Since 2003, however, when ARGO floats have provided better data, increase in ocean heat content has slowed, while Greenland and Antarctica melting has picked up. Whether or not the sea level budget is closed, it is not clear that the global energy budget is closed because sea level rise is much greater for land ice melt versus ocean expansion for a given amount of heat, as noted above. Accordingly, another much needed component is the TOA radiation, but CERES data are not yet processed beyond 2004 and are not yet long enough to bring to bear on this question.

4. Climate Change

A consequence of the energy imbalance at the TOA is global warming. In 2007 the Fourth Assessment Report of the Intergovernmental Panel on Climate Change (IPCC), known as AR4, clearly stated that “warming of the climate system is unequivocal” and it is “very likely” due to human activities. Since the IPCC report, nature continues to provide evidence that it is under duress with impacts affecting people and animals. Increasing rates of carbon dioxide emissions raise the specter that future climate changes could be much larger and come much quicker than IPCC suggests.

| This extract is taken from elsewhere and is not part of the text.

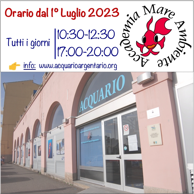 L'Acquario Mediterraneo dell'Argentario situato sul Lungomare dei Navigatori di Porto S.Stefano, dal mese di luglio cambia così l’orario di apertura al pubblico :

The AR4 found that warming of the climate system is unequivocal based on an increasing body of evidence showing discernible physically consistent changes. These include increases in global average surface air temperature; atmospheric temperatures above the surface, surface and sub-surface ocean water temperature; widespread melting of snow; decreases in Arctic sea-ice extent and thickness; decreases in glacier and small ice cap extent and mass; and rising global mean sea level. The observed surface warming at global and continental scales is also consistent with reduced duration of freeze seasons; increased heat waves; increased atmospheric water vapor content and heavier precipitation events; changes in patterns of precipitation; increased drought; increases in intensity of hurricane activity, and changes in atmospheric winds. This wide variety of observations gives a very high degree of confidence to the overall findings. Because these changes are now simulated in climate models for the past 100 years to a reasonable degree, there is added confidence in future projections for more warming and increased impacts. Moreover, these changes in physical variables are reflected in changes in ecosystems and human health.

Carbon dioxide concentrations are increasing at rates beyond the highest of the IPCC scenarios, suggesting even bigger and faster climate change than IPCC projected. Warming is manifested in multiple ways, not just increases in temperatures. Most dramatic is the loss of Arctic sea ice in 2007 and 2008, which affects surrounding areas, polar bears and other native species and promotes changes in permafrost. Distinctive patterns of temperature and precipitation anomalies in the winter of 2007-08 were characteristic of the strong La Niña that had a signature over most of the world. In the first 6 months of 2008, record heavy rains and flooding in Iowa, Ohio, and Missouri, led to overtopped levees along the Cedar River in Iowa and the Mississippi, and point to increases in intensity of rains associated with more water vapor in the atmosphere: a direct consequence of warming. The record-breaking numbers of tornadoes and deaths in the U.S. in 2008 probably also have a global warming component from the warm moist air coming out of the Gulf of Mexico adding to instability of the atmosphere. Longer dry spells also accompany warming, as heat goes into evaporating moisture, drying and wilting vegetation, and thus increasing the risk of wild fire enormously. Wild fires in California early in 2008 and again last summer are evidence of the impacts. Hurricanes are becoming more active. In the Atlantic in July 2008, hurricane Bertha broke several records for how early and how far east it formed, and it is the longest lasting July hurricane. Fay made landfall 4 times and hurricanes Gustav and Ike caused devastation in the U.S. in 2008. Sea level rise continues at a rate of over a foot a century. Changes in ocean acidity accompany the buildup in carbon dioxide in the atmosphere with consequences for sea creatures, and bleaching of corals occurs in association with warming oceans. Melting permafrost exposes huge potential sources of methane and carbon dioxide that can amplify future climate change. Global warming is not just a threat for the future, it is already happening, endangering the health and welfare of the planet. There is a crisis of inaction in addressing and preparing for climate change.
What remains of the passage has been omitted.